Samples were blocked with 10% donkey serum in 0.3% Triton X-100 dissolved in 1 × PBS at room temperature for 1 h. Then, the samples were stained with antibodies against myosin 7 A (Myo7a, #25-6790 Proteus Biosciences, 1:1000), Sox2 (Sox2, #sc-17320, Santa Cruz Biotechnology, 1:1000), Flag (Flag, #F3165, Sigma-Aldrich, 1:1000), together with corresponding secondary antibodies. Samples were mounted with VECTASHIELD antifade mounting medium (H-1000-NB, Novios) and confocal microscopy was used for observation.

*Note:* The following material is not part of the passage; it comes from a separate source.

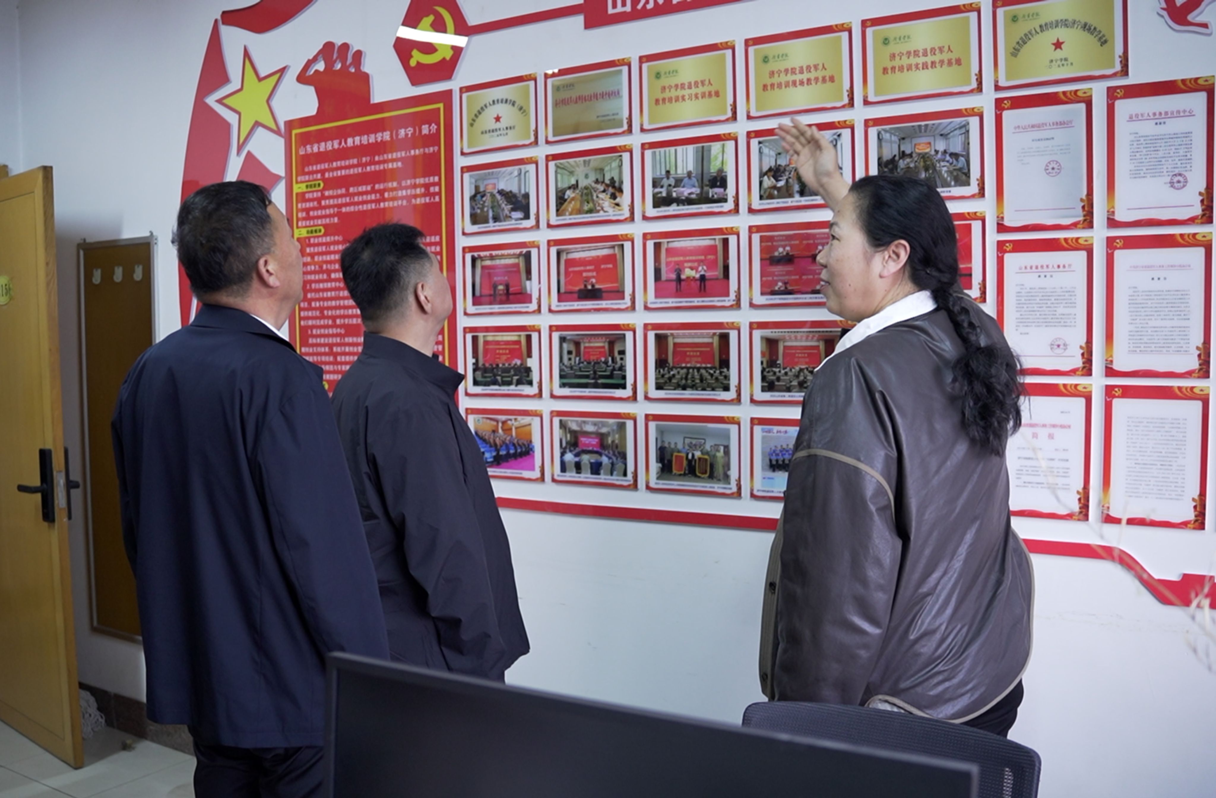 座谈会后,调研组一行实地察看了山东省退役军人教育培训学院(济宁)教学场地,详细了解学院“兵教师”培训课程体系、教学模式、师资配备、档案管理等情况。

Scanning electron microscopy

Mice were perfused with 1 × PBS and temporal bones were fixed in 2.5% glutaraldehyde at 4 °C overnight. After rinsing three times with 1 × PBS, the temporal bones were decalcified with 0.5 M EDTA at room temperature for 1-2 h, and the organ of Corti was dissected into apical, middle, and basal regions. Specimens were then rinsed in 1 × PB three times and post-fixed with 1% osmium tetroxide at room temperature for 1 h, after complete rinse with 1 × PB three times, the specimens were treated with 2% tannic acid (V900190-100G, Sigma). Specimens were rinsed with 1XPB and dehydrated through a graded ethanol series for 10 min at each gradient: 30%, 50%, 70%, 90%, and 100% at 4 °C. After dehydration, samples were critical point dried (Leica EM CPD300) and coated with 8 nm gold (Leica EM ACE200 Vacuum Coater) and observed with Aquilos Cryo-FIB (Thermo Scientific).

Statistical analysis

All data are shown as the mean or mean ± SEM and all experiments were repeated at least three times. Statistical analyses were carried out using the Excel (Microsoft) and GraphPad Prism 8.0 software. ABR results were analyzed with a two-tailed, unpaired Student’s t tests. A value of p < 0.05 was considered statistically significant. Error bars and n values are defined in the respective figures and legends.